══ Dataset records

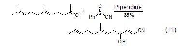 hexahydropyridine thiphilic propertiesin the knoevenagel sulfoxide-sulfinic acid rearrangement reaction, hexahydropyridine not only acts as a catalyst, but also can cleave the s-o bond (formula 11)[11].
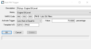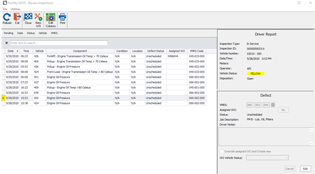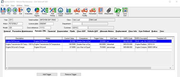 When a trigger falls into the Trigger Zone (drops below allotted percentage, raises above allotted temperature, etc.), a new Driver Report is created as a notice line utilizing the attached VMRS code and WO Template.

════
══ Dataset records

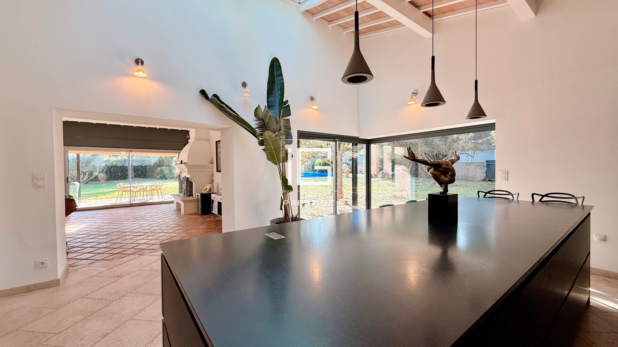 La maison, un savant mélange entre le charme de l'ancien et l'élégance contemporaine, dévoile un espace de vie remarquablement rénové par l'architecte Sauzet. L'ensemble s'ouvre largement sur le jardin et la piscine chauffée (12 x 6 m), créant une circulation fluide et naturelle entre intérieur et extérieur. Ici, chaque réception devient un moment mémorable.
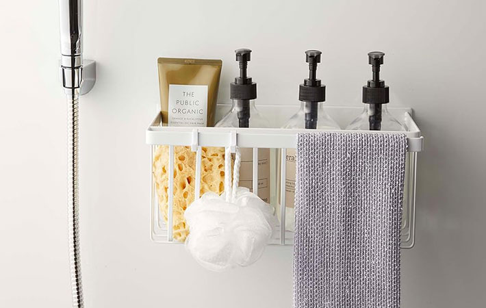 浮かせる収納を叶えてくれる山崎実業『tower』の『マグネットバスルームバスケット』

════

Start with the line with "hexahydropyridine thiphilic propertiesin" in the listing above and stop after the line with "When a trigger". Write out exactly the lines in that stretch and no others, without pictures.

[Expected output]
 hexahydropyridine thiphilic propertiesin the knoevenagel sulfoxide-sulfinic acid rearrangement reaction, hexahydropyridine not only acts as a catalyst, but also can cleave the s-o bond (formula 11)[11].
 When a trigger falls into the Trigger Zone (drops below allotted percentage, raises above allotted temperature, etc.), a new Driver Report is created as a notice line utilizing the attached VMRS code and WO Template.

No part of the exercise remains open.